Ground 4 : the sentence is manifestly excessive
38 The applicant directed the court’s attention to a number of sentences previously imposed for the offence of manslaughter. It was submitted that when compared to the applicant’s sentence they demonstrated error, the sentence being excessive. However, there are difficulties in comparing the sentences imposed for manslaughter offences a fact which has been frequently recognised. The issue was discussed by Spigelman CJ in R v Forbes [2005] 160 A Crim R 1.
39 The decisions to which the applicant referred were R v Diab [2003] NSWSC 978; R v Oosterum [2004] NSWSC 532; R v Clifford [2005] NSWCCA 350; R v Bryant [1999] NSWCCA 181; R v Tran [1999] NSWCCA 443 R v Waterman [2002] NSWSC 1236. It is unnecessary to discuss their detail. Each has its own particular features which both justify the individual sentence imposed and distinguish it from the present case.
40 In the present case the offence and associated action were carefully planned. The planning included the creation of an alibi for the applicant at the time of the confrontation. The applicant’s actions were motivated by a desire for revenge and to recover the debt owing to him and were committed at a time when the deceased had obtained the protection of the law from the applicant’s threatening behaviour. The applicant was unable to reconcile himself to the failure of his relationship, such as it was, with the deceased.
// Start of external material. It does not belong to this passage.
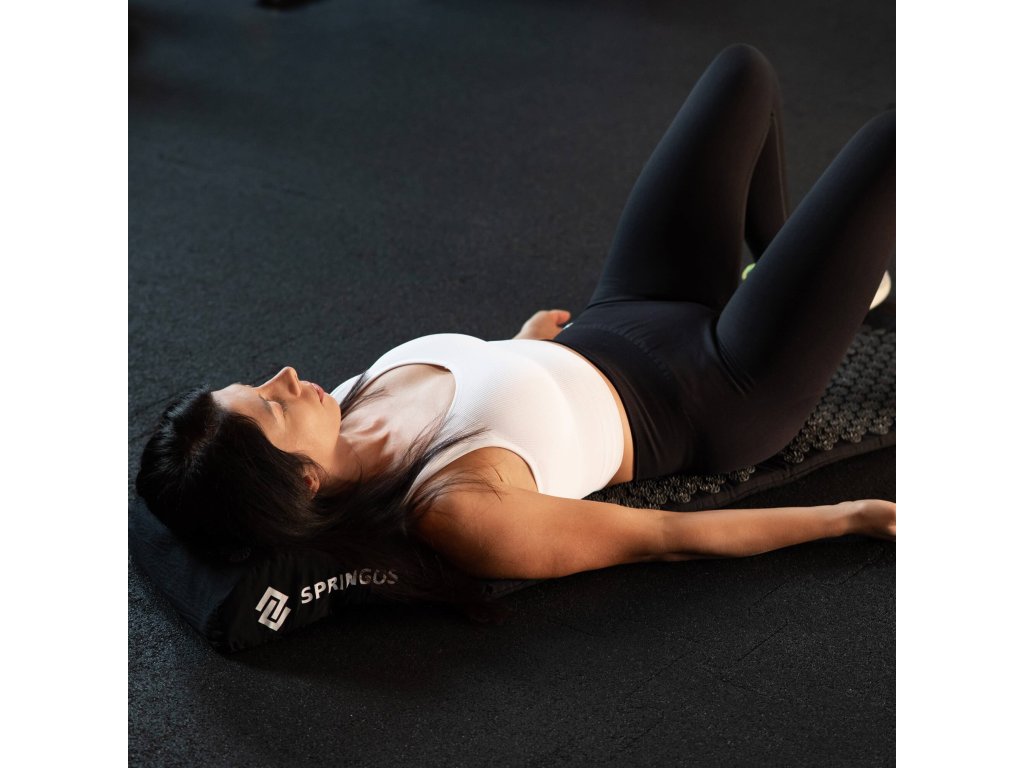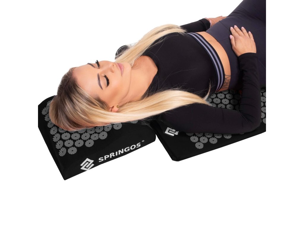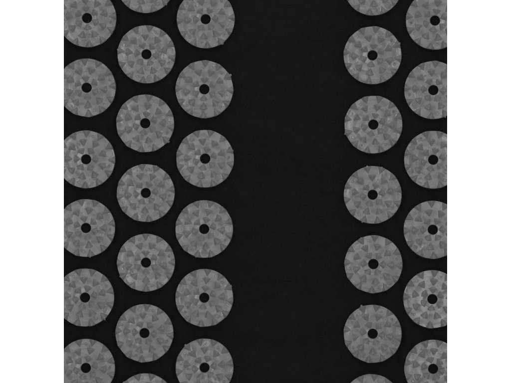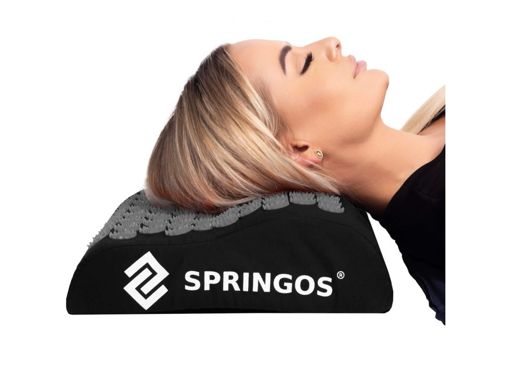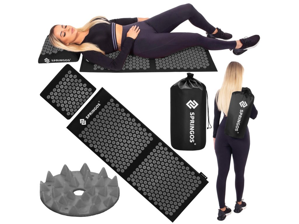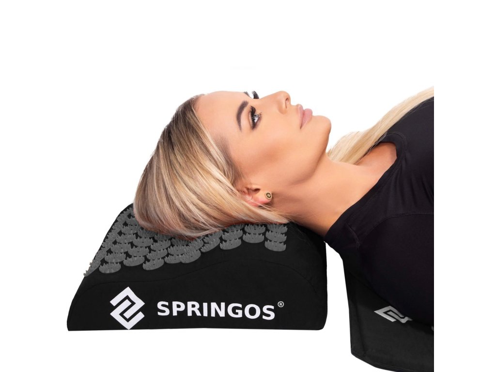 - Bombažne prevleke za podlogo in blazino so narejene iz črnega materiala, prišiti diski s črnimi konicami. Na prevlekah je natisnjen bel logotip Springos, + na podlogi je prišita stranska etiketa z logotipom.

Only hours before her death he had telephoned her and warned her that “she would pay for what she had done.” The applicant knew that a weapon would be discharged in the course of the planned assault.
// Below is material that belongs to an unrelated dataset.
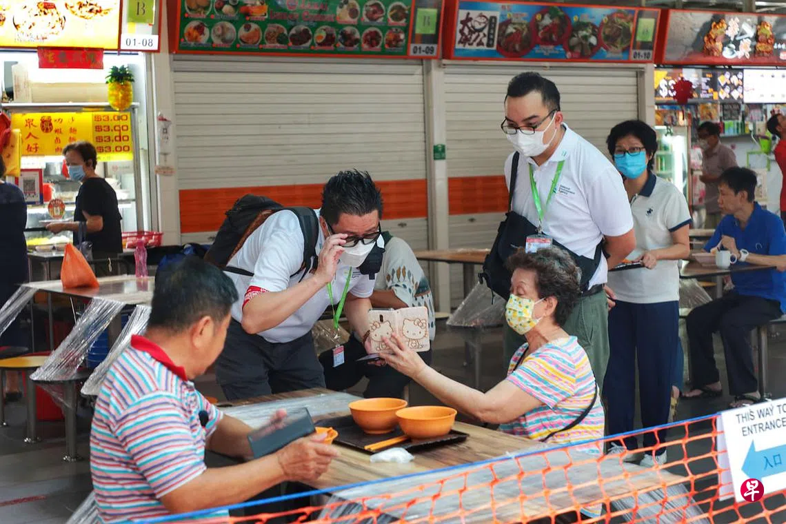 (早报讯)小贩中心和咖啡店今天(10月13日)起不允许未接种者堂食,据观察只有少数的违例食客当场被发现,但安全距离执法人员给予通融,让食客吃完后才离开。

41 At the time of the offence the applicant was on a bond and on bail for offences committed against the deceased as well as being subject to the AVO. The sentencing judge was also required to reflect the drug offence, a serious matter, in the sentence. Although, as I have indicated his Honour expressed the applicant’s criminality in terms which were not available from the agreed facts I am not persuaded that this has resulted in a sentence which is unwarranted.
42 Although I would grant leave to appeal I would dismiss the appeal.
43 SIMPSON J: I agree with McClellan CJ at CL.
44 HOWIE J: I agree with McClellan CJ at CL.